Mobility– Hip Abductors, hip flexors, hip adductors, hamstrings

Cues– Keep the top hip long and stacked on the bottom hip, bias the sit bone back to feel a slight hamstring stretch

Gluteals Kneeling Series (BASI Pilates Comprehensive Program)

Hip Extension Straight Knee:

Stability– Press shoulders and collar bone wide, scapula on the spine. Abdominals help stabilize the pelvis and prevent extending into the lower back. Quads keep the knee straight

Mobility– hip extensors

Cues– Imagine pressing the floor away. Keep lower back supported to cancel out any unwanted movement there as the leg lifts. You will notice my exaggerating the lower back tendency here to make sure I am really pulled up. Try it to see what your tendency is.

Hip Extension Bent Knee:

Stability– Press shoulders and collar bone wide, scapula on the spine. Abdominals help stabilize the pelvis and prevent extending into the lower back. Hamstring keeps the knee bent to 90.

Mobility– Hip extensors

Cues– Same as above

Hip Abduction Bent Knee:

Stability–  Press shoulders and collar bone wide, scapula on the spine. Abdominals help stabilize the pelvis and prevent extending into the lower back.

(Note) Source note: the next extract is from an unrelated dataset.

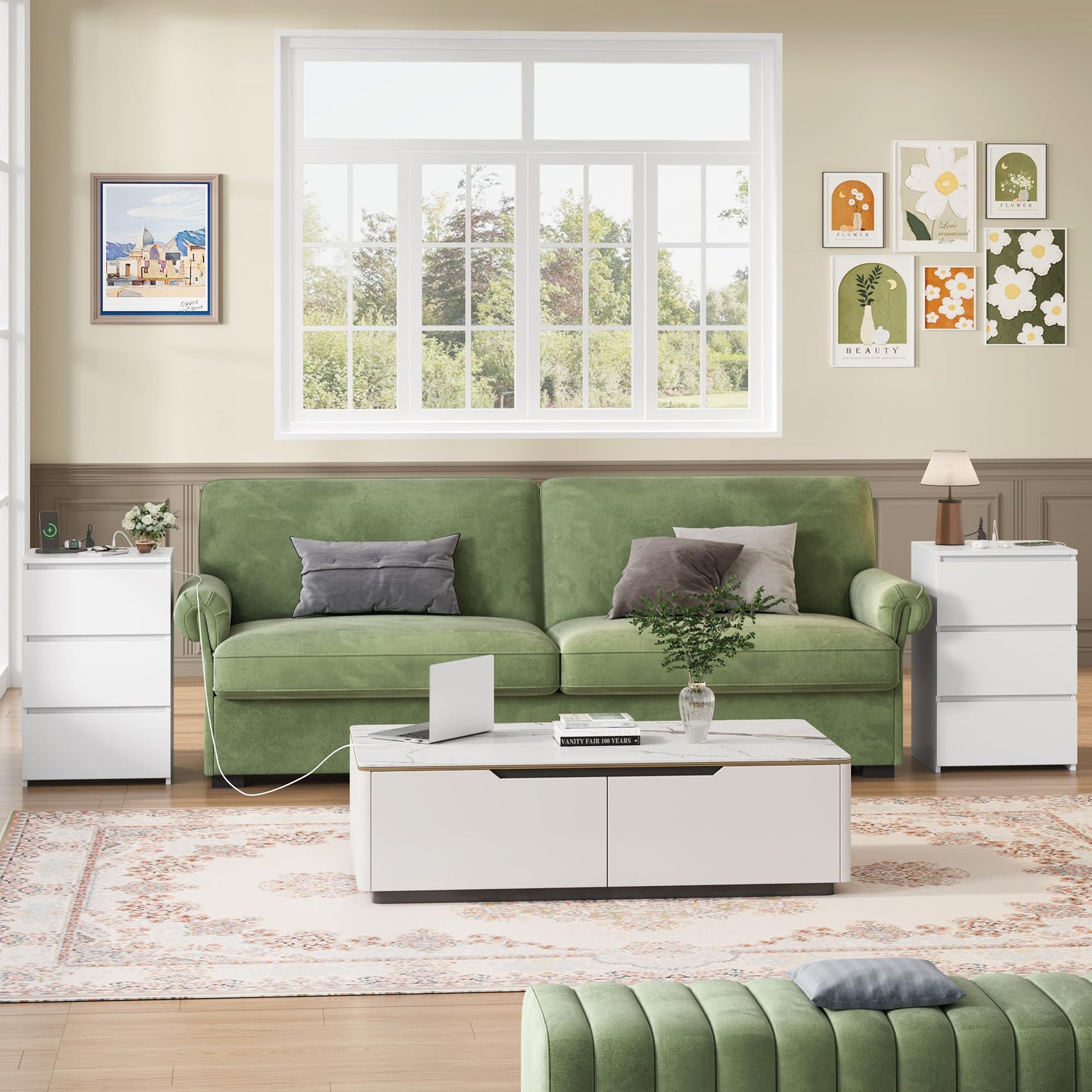 - Simpler but More Practical -- Not sparing every space, the body of the white nightstand is made into a 5.7” deeper three-drawer design, allowing storage space to be maximized. The simple handle-less design is not only neat and beautiful but also prevents clothes from hooking.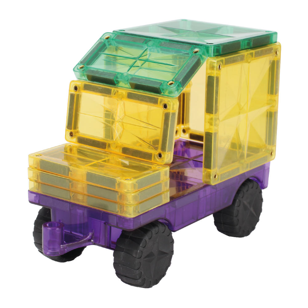 Met de Cleverclixx Auto-Bouwset in Felle Kleuren – 25 Delige Magnetische Bouwstenen kan je kind zijn of haar eigen voertuigen creëren. Dankzij de stevige autobasis en de kleurrijke magnetische bouwstenen ontstaan er racewagens, vrachtwagens of fantasievoertuigen. Of je nu de bijgevoegde handleiding volgt of volledig uit de losse pols bouwt, deze set combineert bouwplezier met spannend speelplezier op wielen.

Mobility– Hip abductors, obliques

Cues–  Imagine pressing the floor away. Keep lower back supported to cancel out any unwanted movement there as the leg lifts. Keep weight very light in the opposite arm to prevent sitting into the grounding hip.

Hip Fundamentals Activation / Isolation Exercises

Internal Rotation-

Knee and hip at 90 degrees. Spin the thigh bone internally

External Rotation-

Knee and hip at 90 degrees, lift the knee off the ground accepting small deep movements.

Hip Flexor Prep-

Hip Circles Prep- Hip Flexion- Feel healthy hip flexion of the thigh bone in the socket. Focus on pelvis positioning and avoid slouching.

Hip Extension Prone

Lift both legs together from the hip extensors. Activate the muscles around your sits bones and avoid any knee flexion.